**Your instructions:** What you write must match the records exactly, except for the images, which are left out.
---*---
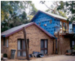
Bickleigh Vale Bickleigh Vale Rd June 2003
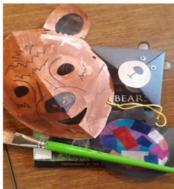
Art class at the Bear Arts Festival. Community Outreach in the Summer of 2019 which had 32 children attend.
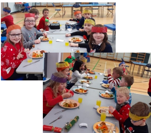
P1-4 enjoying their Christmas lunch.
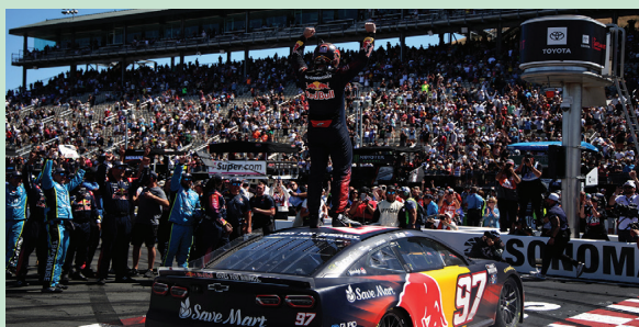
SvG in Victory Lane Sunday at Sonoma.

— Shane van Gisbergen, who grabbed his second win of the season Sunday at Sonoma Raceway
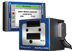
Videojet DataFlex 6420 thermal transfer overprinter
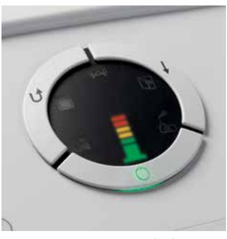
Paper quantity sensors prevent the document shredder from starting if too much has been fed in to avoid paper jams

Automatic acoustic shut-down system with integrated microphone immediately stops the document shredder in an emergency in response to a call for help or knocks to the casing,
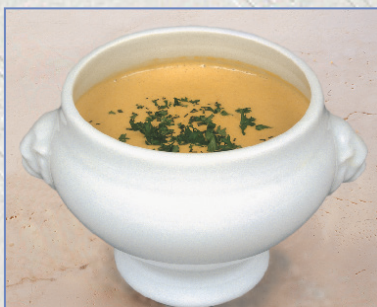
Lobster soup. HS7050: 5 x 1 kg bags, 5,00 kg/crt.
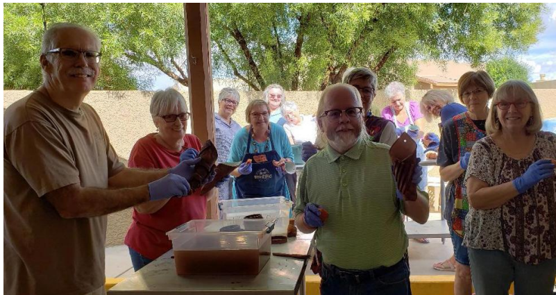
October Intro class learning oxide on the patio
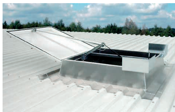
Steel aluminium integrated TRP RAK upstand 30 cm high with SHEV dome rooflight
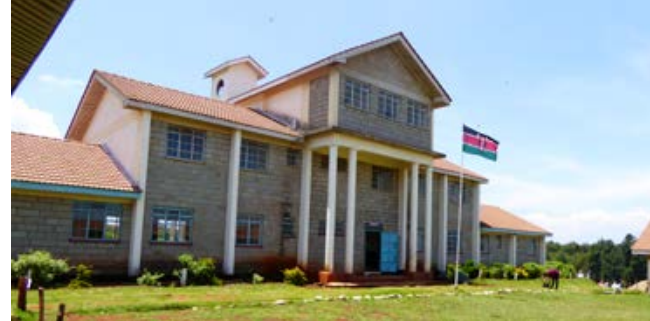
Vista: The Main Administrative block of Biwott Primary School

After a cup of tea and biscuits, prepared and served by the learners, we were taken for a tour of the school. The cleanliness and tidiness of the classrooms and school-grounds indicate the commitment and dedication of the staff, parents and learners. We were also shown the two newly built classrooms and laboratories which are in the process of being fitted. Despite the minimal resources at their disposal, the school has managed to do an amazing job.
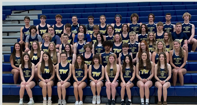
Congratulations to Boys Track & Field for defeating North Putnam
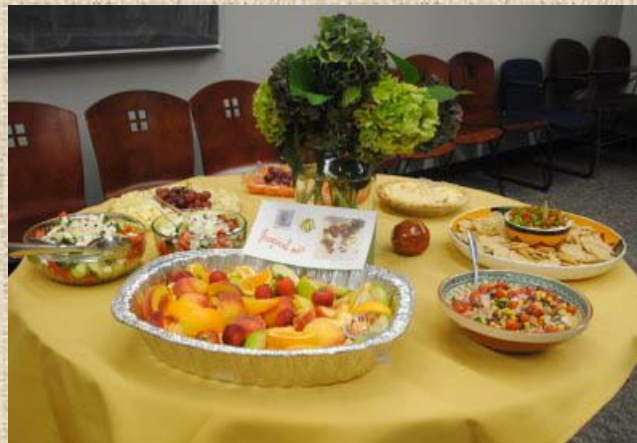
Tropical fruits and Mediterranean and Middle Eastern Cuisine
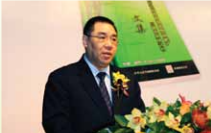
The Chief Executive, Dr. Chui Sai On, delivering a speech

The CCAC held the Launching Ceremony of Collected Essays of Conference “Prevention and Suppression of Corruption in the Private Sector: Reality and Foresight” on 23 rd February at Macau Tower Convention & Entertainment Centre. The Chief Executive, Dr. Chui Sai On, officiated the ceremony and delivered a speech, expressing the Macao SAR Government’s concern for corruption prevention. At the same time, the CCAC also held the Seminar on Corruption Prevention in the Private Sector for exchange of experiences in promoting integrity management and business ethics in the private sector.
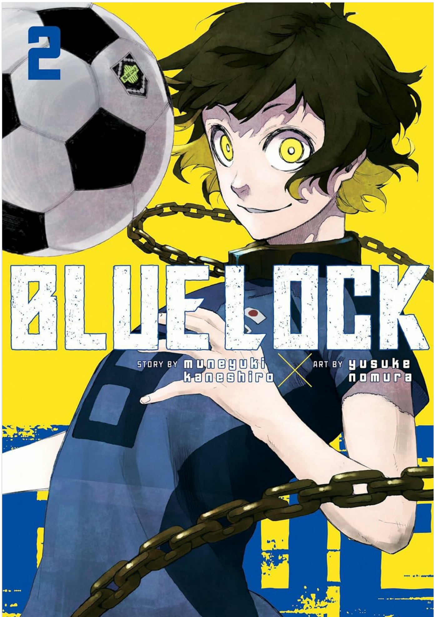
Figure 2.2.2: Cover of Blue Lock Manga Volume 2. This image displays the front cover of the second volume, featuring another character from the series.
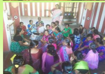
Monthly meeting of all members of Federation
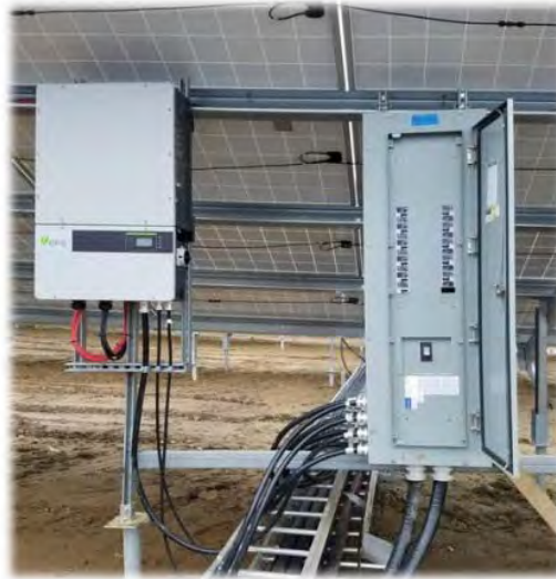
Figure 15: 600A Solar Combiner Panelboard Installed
---*---
**Written answer:**
Bickleigh Vale Bickleigh Vale Rd June 2003
Art class at the Bear Arts Festival. Community Outreach in the Summer of 2019 which had 32 children attend.
P1-4 enjoying their Christmas lunch.
SvG in Victory Lane Sunday at Sonoma.

— Shane van Gisbergen, who grabbed his second win of the season Sunday at Sonoma Raceway
Videojet DataFlex 6420 thermal transfer overprinter
Paper quantity sensors prevent the document shredder from starting if too much has been fed in to avoid paper jams

Automatic acoustic shut-down system with integrated microphone immediately stops the document shredder in an emergency in response to a call for help or knocks to the casing,
Lobster soup. HS7050: 5 x 1 kg bags, 5,00 kg/crt.
October Intro class learning oxide on the patio
Steel aluminium integrated TRP RAK upstand 30 cm high with SHEV dome rooflight
Vista: The Main Administrative block of Biwott Primary School

After a cup of tea and biscuits, prepared and served by the learners, we were taken for a tour of the school. The cleanliness and tidiness of the classrooms and school-grounds indicate the commitment and dedication of the staff, parents and learners. We were also shown the two newly built classrooms and laboratories which are in the process of being fitted. Despite the minimal resources at their disposal, the school has managed to do an amazing job.
Congratulations to Boys Track & Field for defeating North Putnam
Tropical fruits and Mediterranean and Middle Eastern Cuisine
The Chief Executive, Dr. Chui Sai On, delivering a speech

The CCAC held the Launching Ceremony of Collected Essays of Conference “Prevention and Suppression of Corruption in the Private Sector: Reality and Foresight” on 23 rd February at Macau Tower Convention & Entertainment Centre. The Chief Executive, Dr. Chui Sai On, officiated the ceremony and delivered a speech, expressing the Macao SAR Government’s concern for corruption prevention. At the same time, the CCAC also held the Seminar on Corruption Prevention in the Private Sector for exchange of experiences in promoting integrity management and business ethics in the private sector.
Figure 2.2.2: Cover of Blue Lock Manga Volume 2. This image displays the front cover of the second volume, featuring another character from the series.
Monthly meeting of all members of Federation
Figure 15: 600A Solar Combiner Panelboard Installed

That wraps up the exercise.